Americans aren't mixing with people in different income brackets or leaving their neighborhoods as much as they did before the pandemic
Policy1 min read
  • A new study says Americans are mixing with each other and exploring their cities less frequently.
  • Researchers at MIT studied the movements of people in Dallas, Boston, Seattle, and Los Angeles.

Americans are mixing with each other and exploring the cities they live in less frequently since the COVID-19 pandemic hit, researchers at the Massachusetts Institute of Technology reported in a recent study.

The researchers tracked the cellphone data of more than one million people in Boston, Dallas, Seattle, and Los Angeles from January 2019 to December 2021. They said that people were much less likely to visit neighborhoods where residents make significantly more or less money than they did.

These interactions between people of different socioeconomic backgrounds dropped by up to 30%.

Once the pandemic hit in the spring of 2020, people became much less likely to explore new places — a trend that continued through the end of 2021. The study's authors chalked this up to behavior change — including remote work and online shopping — which was prompted or exacerbated by the pandemic.

"Income diversity of urban encounters decreased during the pandemic, and not just in the lockdown stages," Takahiro Yabe, a coauthor of the study and a postdoctoral associate at the MIT Media Lab, said in a statement. "It decreased in the long term as well, after mobility patterns recovered."

The study tracked visits to 433,000 "point of interest" locations, including museums, parks, coffee shops, and grocery stores.
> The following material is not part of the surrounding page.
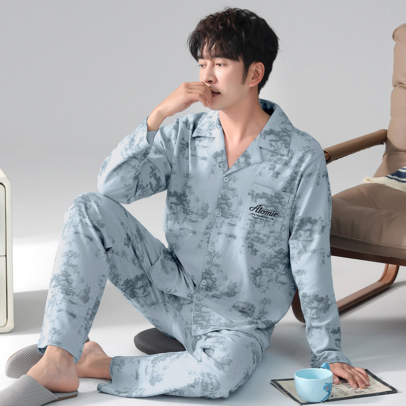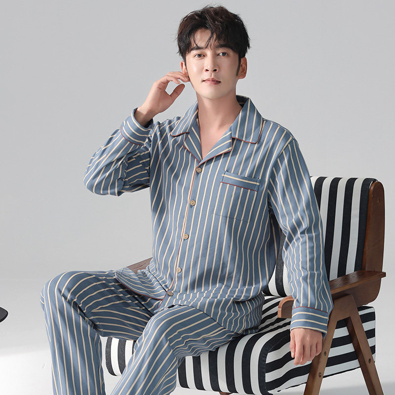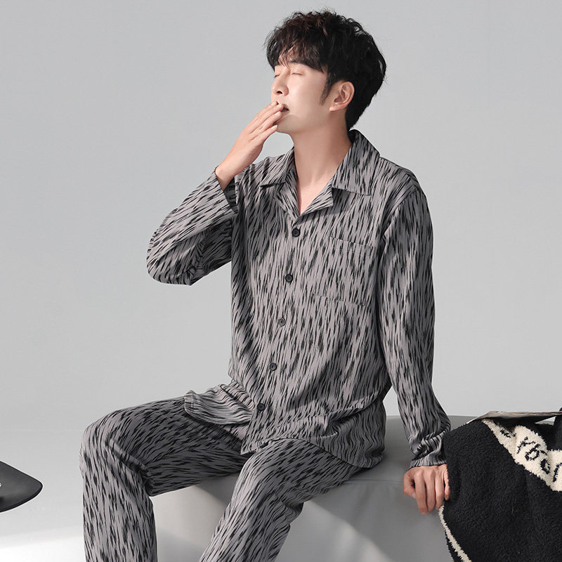 新款秋冬睡衣男长袖翻领可外穿休闲大码青年学生薄款高级感家居服

The researchers used Census data to categorize people into four income brackets based on their average income in the census block.
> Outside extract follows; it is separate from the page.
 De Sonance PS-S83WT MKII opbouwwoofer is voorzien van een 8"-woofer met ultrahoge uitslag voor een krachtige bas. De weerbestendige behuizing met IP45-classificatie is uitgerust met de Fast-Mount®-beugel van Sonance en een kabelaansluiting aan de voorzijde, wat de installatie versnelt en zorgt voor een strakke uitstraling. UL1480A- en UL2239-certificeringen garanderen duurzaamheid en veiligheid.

Los Angeles saw the largest drop in diverse interactions, while Dallas — where pandemic restrictions were the least severe — saw the smallest change.

The study's authors told Bloomberg's CityLab that they hoped cities would use their research to inform policy interventions and reduce segregation.

"Maybe after we realize what is happening to the diversity in our cities, we will see major changes in urban interventions, transportation, developments to alleviate this problem," Esteban Moro, a coauthor of the study and a researcher at MIT's Sociotechnical Systems Research Center, told CityLab. "But it is going to take much more time than three years."